En 1967 durante el gobierno municipal de Víctor Correa Racho se consiguió eliminar los pisos superiores aunque se dejo en claro que era un peligro latente por su estado de abandono. Y aunque en realidad para lo único que sirvió fue para ser usado de estacionamiento; en el papel fue sede de una aseguradora, de un hotel, de un centro comercial y hasta se planteo como condominios.
Las administraciones municipales posteriores intentaron, sin éxito, encontrarle alguna utilidad a la enorme mole y es que además el predio se encontraba desde 1963 en un juicio de embargo promovido por Elizondo y cuya sentencia se emitió hasta 1975.
El 25 de julio de 1978 sucedió lo que muchos temían; una de las cornisas superiores del edificio se desplomo después de una fuerte lluvia. Falleció en el lugar el profesor Pedro Pinzón Sanchez resultando heridas otras personas.
Entonces se agilizó el proceso de expropiación durante la administración del entonces presidente municipal Federico Granja Ricalde y durante la siguiente de Gaspar Gomez Chacon; siendo gobernador Francisco Luna Kan.
Finalmente el predio pudo ser adquirido por el Gobierno del Estado a principios de la década de los ochenta y se demolió parcialmente para adaptarse como sede del Congreso del Estado. El arquitecto Orso Núñez, coautor del Conjunto Cultural de Ciudad Universitaria de la UNAM, al sur de la Ciudad de México, llevó a cabo el proyecto para la reutilización de esta estructura como recinto legislativo.
Así, después de más de un siglo de utilizar el aula magna del Colegio de San Javier como recinto legislativo, los diputados se trasladaron en 1981 a su nueva sede, la cual contaba con todos las modernidades de aquel entonces. La construcción del edificio costo 46 millones de pesos. Dicha aula, conocida popularmente como «el congresito» fue recientemente entregada a la Universidad Autónoma de Yucatán aunque en tiempos pre-pandemia solo era utilizada para eventos puntuales.
Tras casi treinta y cinco años de servicio, aquel edificio que presumió de modernidades; resulto insuficiente para la actividad legislativa, pues se construyo una nueva Cámara de diputados en el poniente de la ciudad en los límites del periférico. Bastante alejado de la mayoría a quienes representan.
Los daños estructurales, además de la mencionada incompatibilidad con el entorno del Centro Histórico inclinaron la balanza hacía la demolición del edificio.

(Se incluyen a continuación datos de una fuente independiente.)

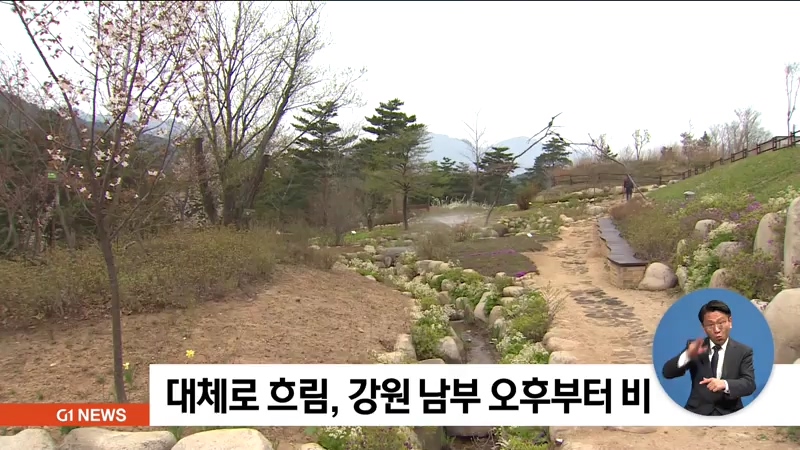 오늘 강원도는 대체로 흐린 가운데, 남부 지역의 중심으로 오후부터 비가 조금 내리겠습니다.

En enero de 2016 inició la construcción del ‘Palacio de la Música’, en la presentación del proyecto ocurrida en el diciembre anterior, se aseguro que este espacio combinará el pasado, presente y futuro de la producción artística de la entidad.
Estas grandes obras siempre son motivo de suspicacia respecto a cual es la justificación para su construcción y desarrollo, cosa que ocurre con las faraónicas obras que cada gobierno estatal emprende. Algunas acaban siendo funcionales y otras convirtiendose en elefantes blancos.
El Palacio de la Música cuenta con una sala de conciertos con capacidad para más de 400 personas, así como un museo virtual con videoteca y fonoteca, en el que se empleará la tecnología más avanzada.
Tuve, por absoluta casualidad, el honor de ser el primer visitante del museo que alberga el Palacio de la Música en junio de 2018. Entre lo positivo que pude destacar era que la exposición es interactiva en muchos sentidos. Lo que me pareció, cuanto menos innecesario, la reproducción de la fachada del Museo de la Canción Yucateca cuando este se encuentra a escasas cinco cuadras.
Esperemos que pueda consolidarse como institución que apoye a la creación de músicos locales de todo tipo de género, más allá de los clichés en los que se puede encasillar a la música local.